Dynamic Learning Rate Decay for Stochastic Variational Inference
Maximilian Dinkel, Gil Robalo Rei, Wolfgang A. Wall
TL;DR
Stochastic Variational Inference (SVI) often suffers from sensitivity to the learning rate, leading to slow convergence or oscillations when the base rate is too large. The authors propose Dynamic Learning Rate Decay (DLRD), a memory-efficient scheme that uses a signal-to-noise ratio (SNR) computed from the history of variational parameters to adaptively reduce the base learning rate, triggering decreases when oscillations outweigh progress. The method is shown to complement existing optimizers (e.g., Adam, AdaMax, RMSprop) and to improve convergence across a synthetic toy problem, Bayesian logistic regression on a breast-cancer dataset, and Bayesian calibration of a diffusivity field, all while reducing sensitivity to the initial LR and batch size. A noted limitation is that DLRD detects oscillations rather than divergence, suggesting future work to detect divergence and to extend to richer variational families beyond Gaussian.
Abstract
Like many optimization algorithms, Stochastic Variational Inference (SVI) is sensitive to the choice of the learning rate.
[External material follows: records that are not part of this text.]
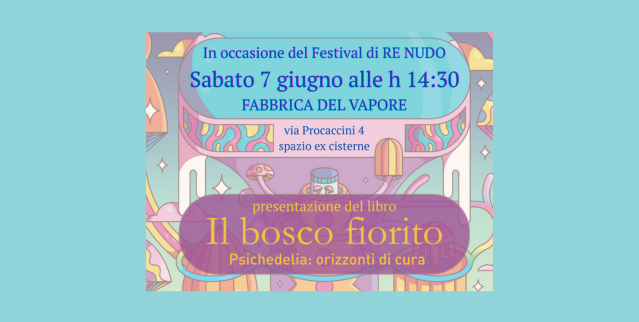 In occasione del Festival di Re Nudo, sabato 7 giugno 2025 alle ore 14:30, presso lo spazio ex cisterne della Fabbrica del Vapore (via Procaccini 4, Milano), si terrà la presentazione del libro curato da Letizia Renzini dedicato al cosiddetto rinascimento psichedelico.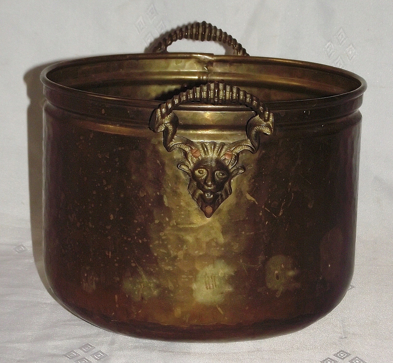 Предметом аукціону є старий латунний горщик для квітів.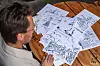 Subjekt-illustratøren sitter ofte og drodler. Det er da ideene til tegningene oppstår.Foto: Morgane Fauconnier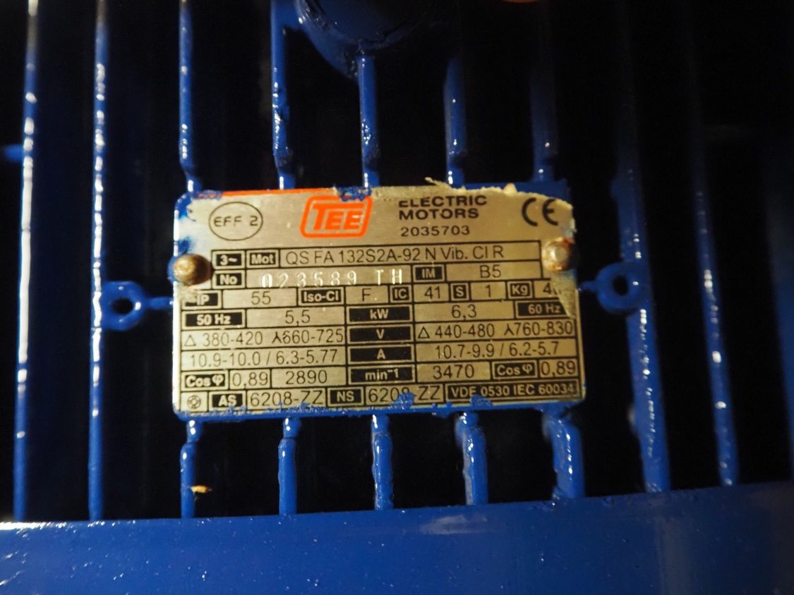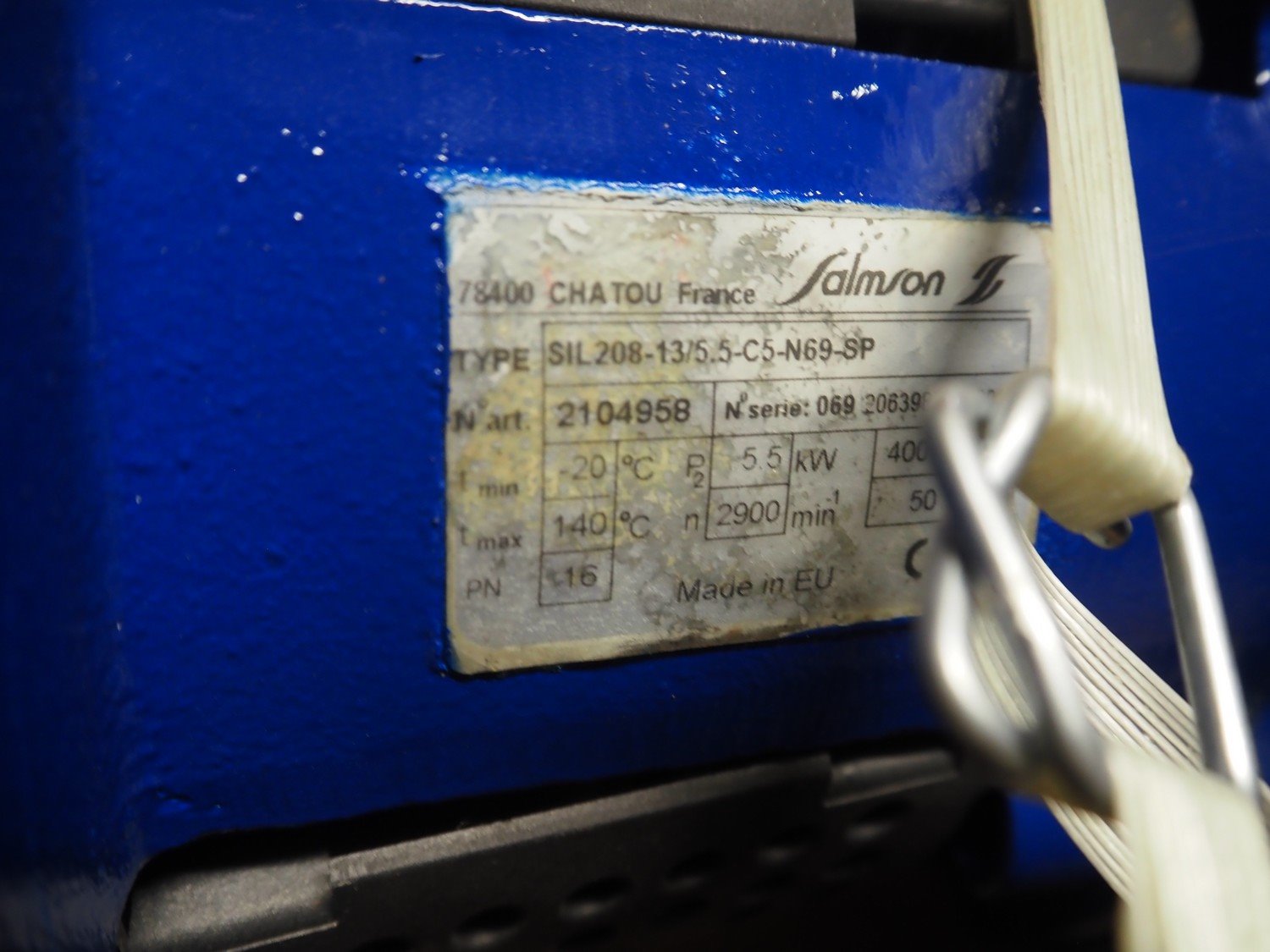 Salmson centrifugal pump, type: SIL208-13/5.5-C5-N69-SP, serial number: 069 20639859 0001, 400 V, 50 Hz, 5.5 kW, PN: 16, dimensions: 720 mm x 450 mm x 300 mm.

If the learning rate is too small, the optimization process may be slow, and the algorithm might get stuck in local optima. On the other hand, if the learning rate is too large, the algorithm may oscillate or diverge, failing to converge to a solution. Adaptive learning rate methods such as Adam, AdaMax, Adagrad, or RMSprop automatically adjust the learning rate based on the history of gradients. Nevertheless, if the base learning rate is too large, the variational parameters might still oscillate around the optimal solution. With learning rate schedules, the learning rate can be reduced gradually to mitigate this problem. However, the amount at which the learning rate should be decreased in each iteration is not known a priori, which can significantly impact the performance of the optimization. In this work, we propose a method to decay the learning rate based on the history of the variational parameters. We use an empirical measure to quantify the amount of oscillations against the progress of the variational parameters to adapt the learning rate. The approach requires little memory and is computationally efficient. We demonstrate in various numerical examples that our method reduces the sensitivity of the optimization performance to the learning rate and that it can also be used in combination with other adaptive learning rate methods.